StreamBase Pattern Matching Language

StreamBase queries can compare data from one or more input streams using pattern matching statements. This topic describes the basic concepts.

In an EventFlow module, pattern evaluation is performed by the Pattern operator, where separate controls on the Properties view's Pattern Settings tab are used to specify the desired template, dimension, and interval values. A predicate entry qualifies which tuples match the pattern. See Using the Pattern Operator for more on configuring the Pattern operator.

Syntax

template [template [pattern_operator [NOT] template]...] window

Pattern Elements

template

An expression that evaluates to a stream identifier or alias. The pattern can include nested templates, or templates combined using pattern operators.

pattern_operator

A logical operator (AND, OR, THEN, or NOT) that describes the relationship between a pair of templates. See Pattern Operators for descriptions and shortcut notation.

window
  • For time-based patterns, specifies a time interval within which the operation must terminate.

  • For value-based patterns, specifies a maximum range of values in a particular field. The window terminates when the range of values for that order field, across all streams, equals or exceeds the specified value.

    For value-based patterns, the order field must be a top-level numeric or timestamp field: that is, it cannot be a sub-field in an event schema. For example, consider the following schema, whose second field is a nested tuple:

    (id int, sub (id2 int))

    Given the preceding schema, the only valid order field is id; you cannot specify either sub or sub.id2.
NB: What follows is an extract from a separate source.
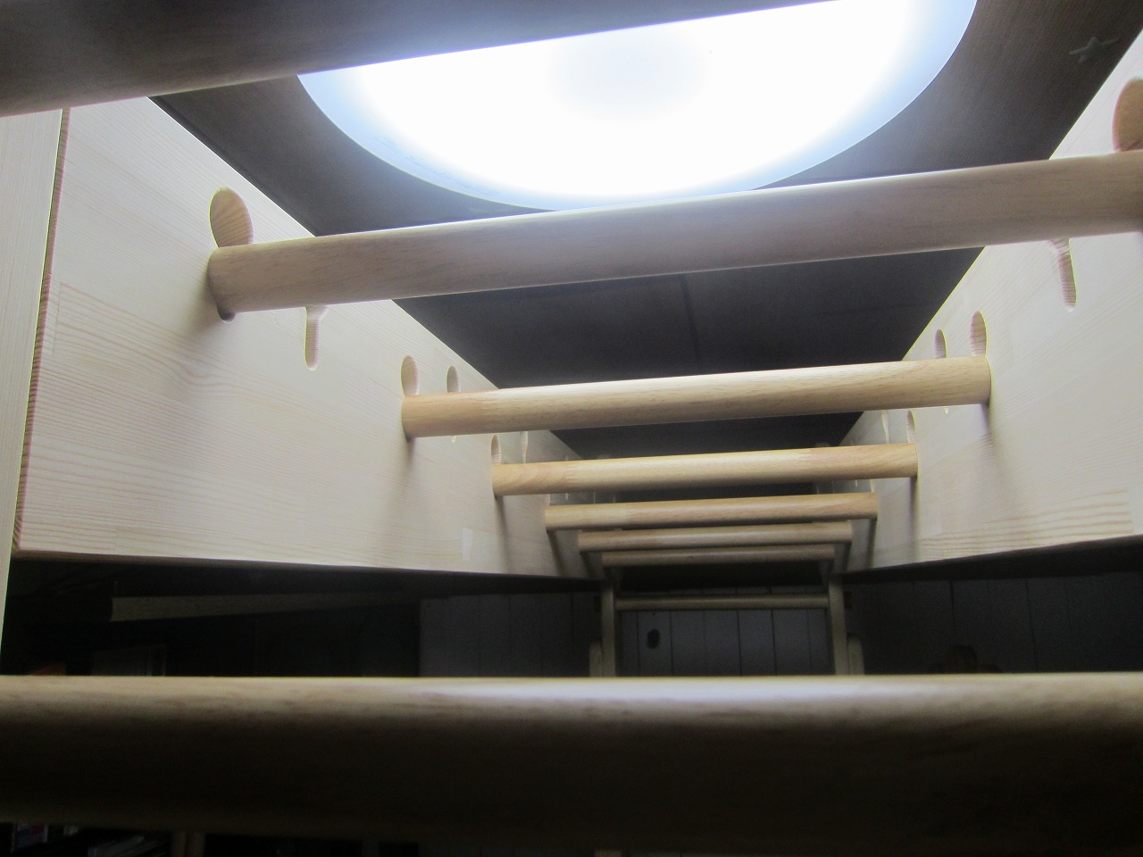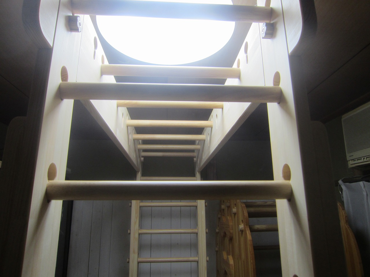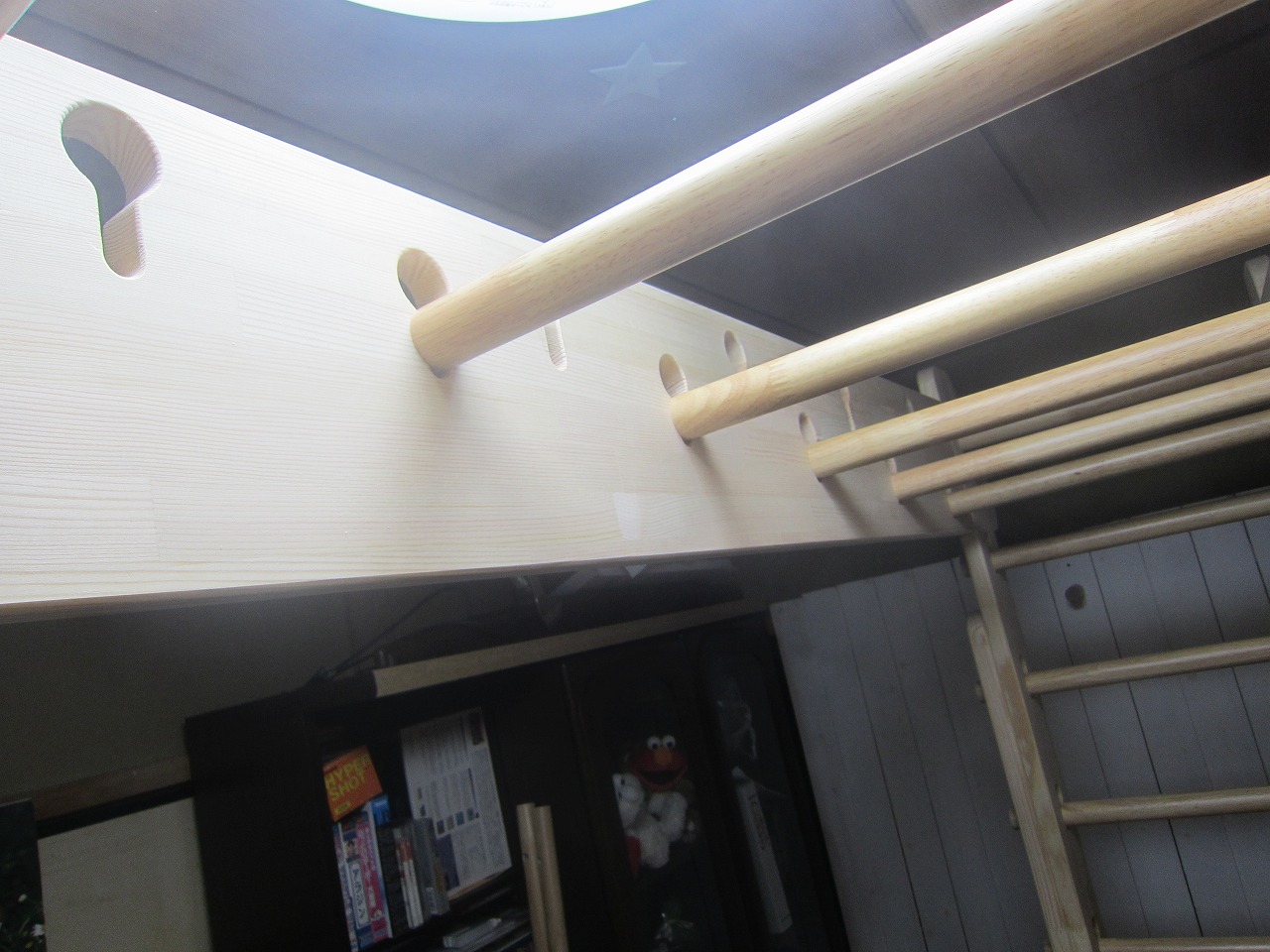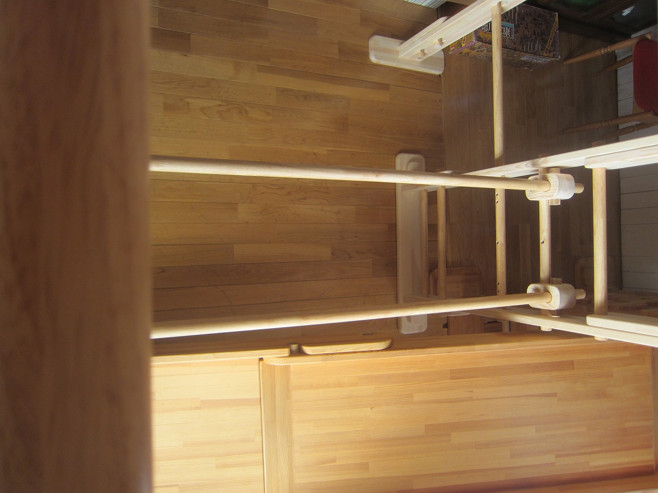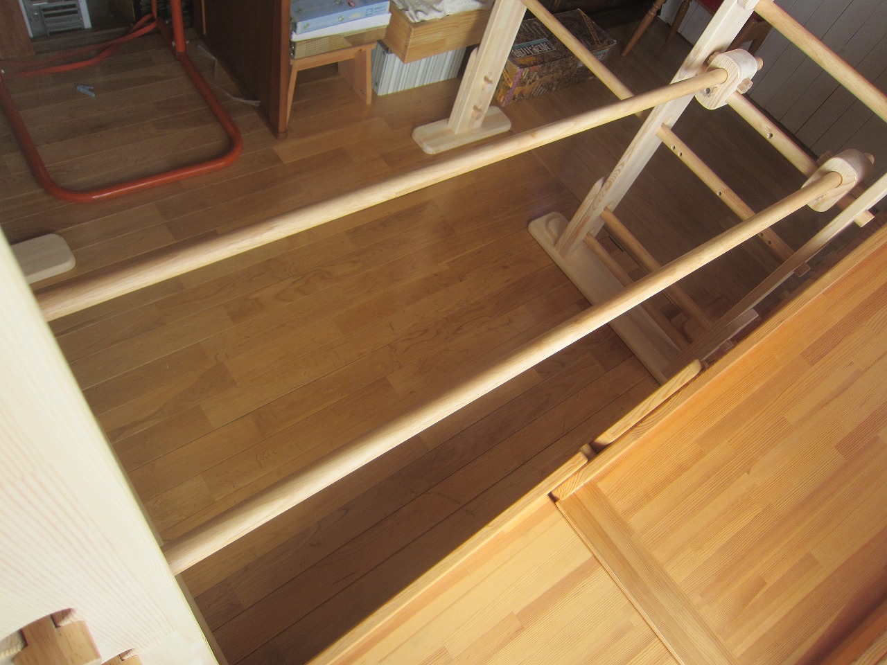 (回答)強度差は骨格の太さと柱と梁の接合方式の違いで、オーダーうんていが優れます。また、室内据え置き型うんていはどのような形でもある程度のゆれは発生し、そのゆれ(しなり)がないと荷重が横方向ばかりにかかってしまい転倒しやすくなります。握り棒は固定式のりとるとっぽ以外はサイズ交換を可能にするためすべて脱着式となり、上に押し上げれば外れます。

If the pattern is composed of multiple subpatterns, the entire pattern, not just each subpattern in isolation, must match within the window limits.

In EventFlow modules, windows (either time or value) are defined graphically in the Pattern Settings tab of the operator's Properties view.

Pattern Operators

Operator names are not case-sensitive. Operators have the following order of precedence (starting with the most tightly bound):

  1. NOT

  2. AND

  3. OR

  4. THEN

The following list describes the use of each pattern operator in templates. Notice that the operator keywords can also be expressed using the shorthand symbols shown:

NOT A or !A (Absence)

Matches when no A tuple is received within the window interval.

A AND B or A && B (Conjunction)

Combines two subpatterns, and matches when both subpatterns match. It is like a join in that it produces the cross-product of two streams. The AND pattern is right-associative. For example, A AND B AND C is interpreted as A AND (B AND C).

A OR B or A || B (Disjunction)

Combines two subpatterns, and matches when either subpattern matches. It is like union. The OR pattern is right-associative (for example, A OR B OR C is interpreted as A OR (B OR C)).

A THEN B or A -> B (Followed By)

Matches when a match on the left side is followed in sequence by a match on the right side. The THEN pattern is right-associative. For example, A THEN B THEN C is interpreted as A THEN (B THEN C).

Examples

Example 1. Equivalent Patterns

The following patterns are equivalent:

a AND b OR c THEN NOT d AND e
a && b || c -> !d && e
(((a and b) or c) then ((not d) and e))

Example 2. Predicate

A predicate added after the pattern further constrains the potential matches. For example consider this pattern statement:

A -> B

followed by this predicate:

WHERE A.id == B.id

This combination produces matches only where the ID of a tuple on the A stream matches the ID of a tuple on the B stream, and the tuple on the A stream arrived first. By contrast, a NOT predicate would specify which tuples resulting from the main pattern must not occur.


Example 3. Negated Stream in Predicate

You can use fields from a negated stream in a predicate. For example, consider the following time-based pattern query:

SELECT A.id AS fi, C.id AS fo
FROM PATTERN A -> !B -> C  WITHIN 5 TIME
WHERE B.id == A.id 
INTO out;

The predicate causes the pattern to ignore any tuple arriving on Stream B if the tuple's ID field does not match the ID field of a tuple that previously arrived on A.

To illustrate, the following figure represents a sequence of tuples flowing into Stream A, B, and C. At each step, the figure shows the value of the ID field. Assume that all these events occur within the specified time interval:

Notice these events:

  • After Step 3, tuples have arrived in the specified sequence, and the Stream B ID field does not match the existing Stream A ID. This satisfies the conditions of both the pattern and the predicate, and so the selected A.id and C.id values are emitted as output.

  • No output can occur after Step 3 until the specified pattern is repeated, beginning in Step 6.

  • In Step 7, the tuple arriving on Stream C satisfies the specified sequence, because after Step 6, no intervening tuple arrived on Stream B. Therefore, another tuple is output.